‘A strange Queen to light the fires,’ thought the King.
Then he asked the Queen, who was dressed like a maid, ‘How do you know in the dark of night whether the hours are wearing near the dawn?’
‘My father gave me a gold ring,’ said she, ‘and always, ere the dawning, it grows cold on my finger.’
‘A rich house where the maids wore gold,’ said the King. ‘Truly you are no maid, but a King’s daughter.’
So he treated her royally, and as time went on she had a son called Sigurd, a beautiful boy and very strong. He had a tutor to be with him, and once the tutor bade him go to the King and ask for a horse.

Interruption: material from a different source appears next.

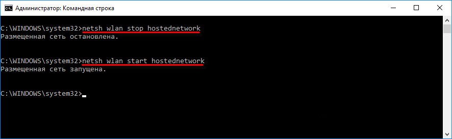 — netsh wlan start hostednetwork — для запуска точки доступа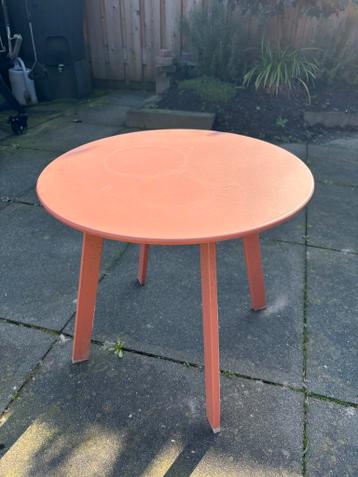 Zalm kleurige bijzettafel, gezellig voor buiten. Kan ook binnen in huis

‘Choose a horse for yourself,’ said the King; and Sigurd went to the wood, and there he met an old man with a white beard, and said, ‘Come! help me in horse-choosing.’
Then the old man said, ‘Drive all the horses into the river, and choose the one that swims across.’
So Sigurd drove them, and only one swam across. Sigurd chose him: his name was Grani, and he came of Sleipnir’s breed, and was the best horse in the world. For Sleipnir was the horse of Odin, the God of the North, and was as swift as the wind.
But a day or two later his tutor said to Sigurd, ‘There is a great treasure of gold hidden not far from here, and it would become you to win it.’
But Sigurd answered, ‘I have heard stories of that treasure, and I know that the dragon Fafnir guards it, and he is so huge and wicked that no man dares to go near him.’